* **GOAL OF THE EXERCISE**
Print the lines that start the entries and continue through the one holding "1. 20 গুণের", please, exactly and with the pictures omitted.

---------- DATASET RECORDS ----------

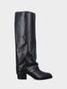 Stivale a tubo in vitello nero con ghetta risvoltata e punta stondata
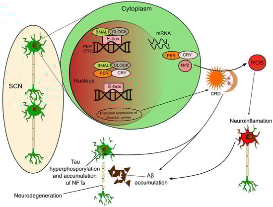 Neuronal dysfunction has also been observed in the SCN of patients with AD [,]. Similarly, signs of degeneration, including increased glia/neuron ratio in the SCN tissue of postmortem AD patients, have been detected []. Moreover, in AD patients, melatonin levels are reduced []. These changes could potentially contribute to disruptions in circadian gene expression and hence CRDs.
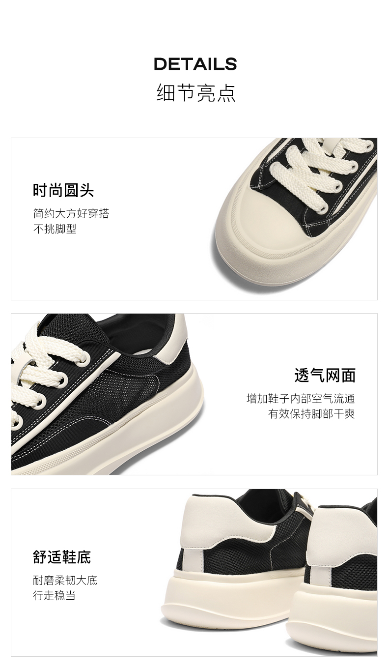 | 内增高:无 | 鞋跟形状:厚底 | 鞋面材质:织物 | 流行元素:打孔透气 | 闭合方式:系带 |
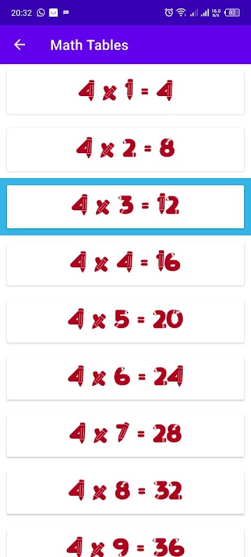 1. 20 গুণের সারণী: অ্যাপটিতে 20টি গুণের সারণী রয়েছে, যা 1 থেকে 20 পর্যন্ত সমগ্র পরিসরকে কভার করে, ব্যবহারকারীদের একটি ব্যাপক শিক্ষার অভিজ্ঞতা প্রদান করে।
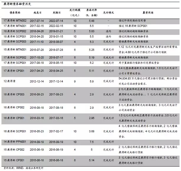 此前无违约历史。2010年康得新于深交所上市,2012年发行第一只债券,到目前为止共发行债券17只。除去近期违约的两只债券外,尚有两只存量的中期票据于2022年到期,其余13只债券均已完成兑付,未出现过违约情况。
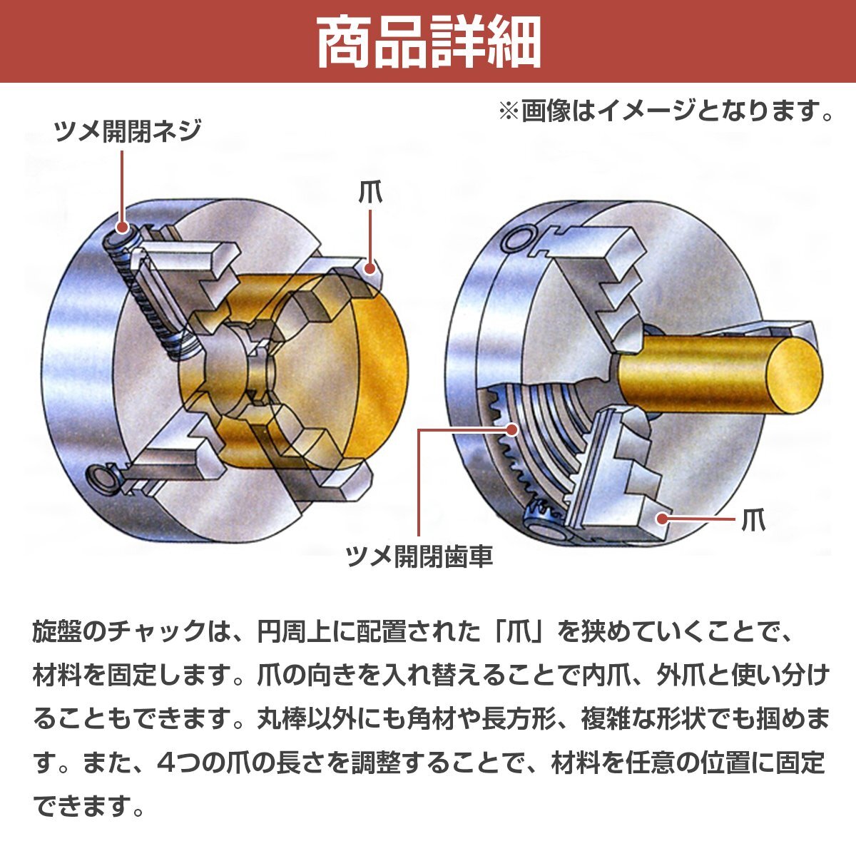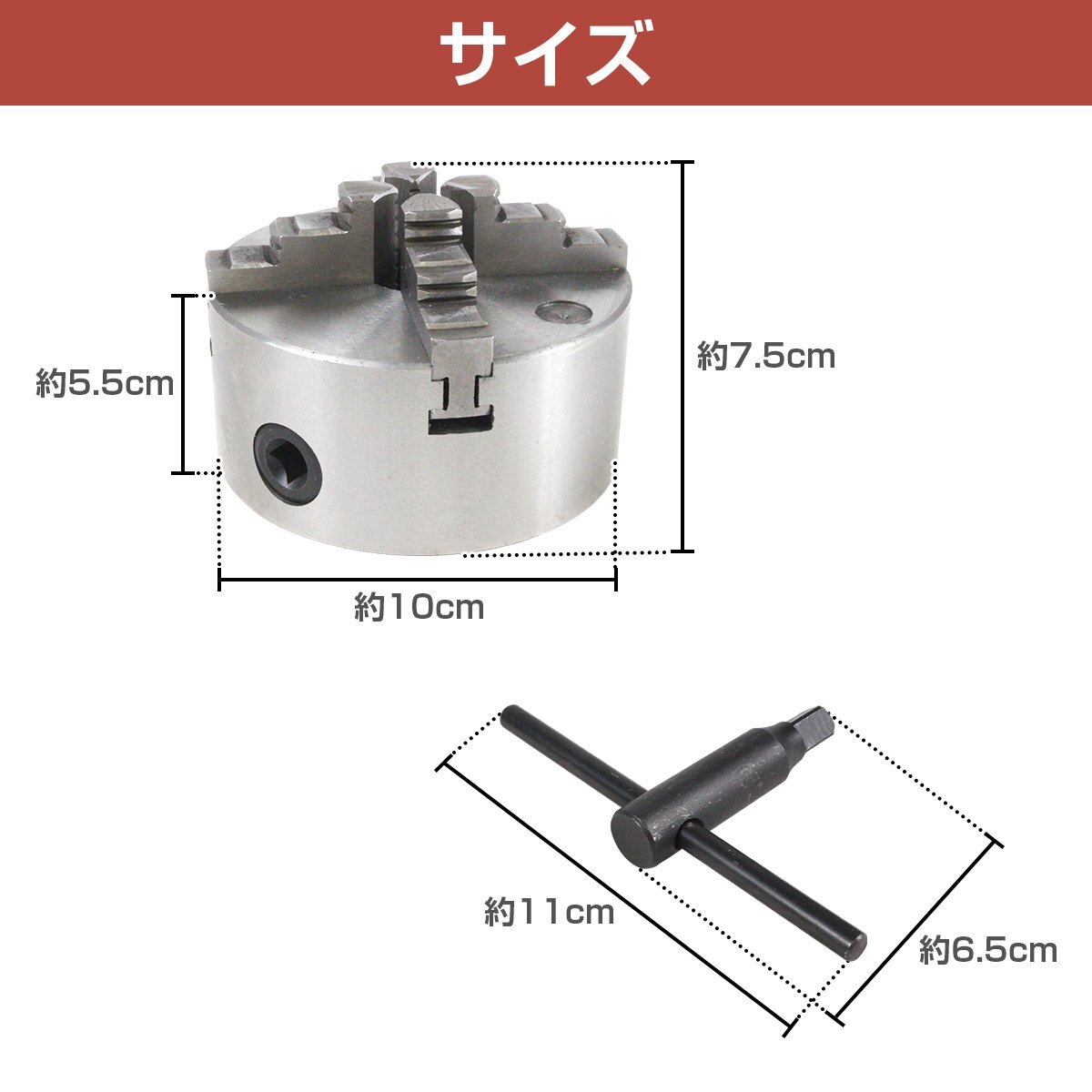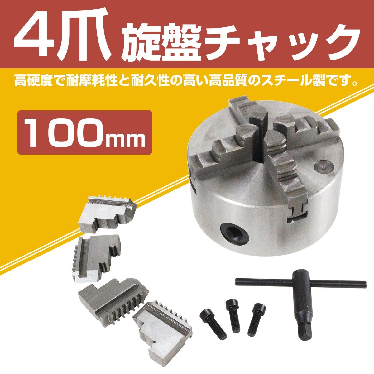 4爪 旋盤チャック スクロールチャック ハンドル付き フライス盤 切削工具 φ 100mm 内爪 外爪 旋盤 卓上旋盤 小型

----------

* **WORKED SOLUTION**
 Stivale a tubo in vitello nero con ghetta risvoltata e punta stondata
 Neuronal dysfunction has also been observed in the SCN of patients with AD [,]. Similarly, signs of degeneration, including increased glia/neuron ratio in the SCN tissue of postmortem AD patients, have been detected []. Moreover, in AD patients, melatonin levels are reduced []. These changes could potentially contribute to disruptions in circadian gene expression and hence CRDs.
 | 内增高:无 | 鞋跟形状:厚底 | 鞋面材质:织物 | 流行元素:打孔透气 | 闭合方式:系带 |
 1. 20 গুণের সারণী: অ্যাপটিতে 20টি গুণের সারণী রয়েছে, যা 1 থেকে 20 পর্যন্ত সমগ্র পরিসরকে কভার করে, ব্যবহারকারীদের একটি ব্যাপক শিক্ষার অভিজ্ঞতা প্রদান করে।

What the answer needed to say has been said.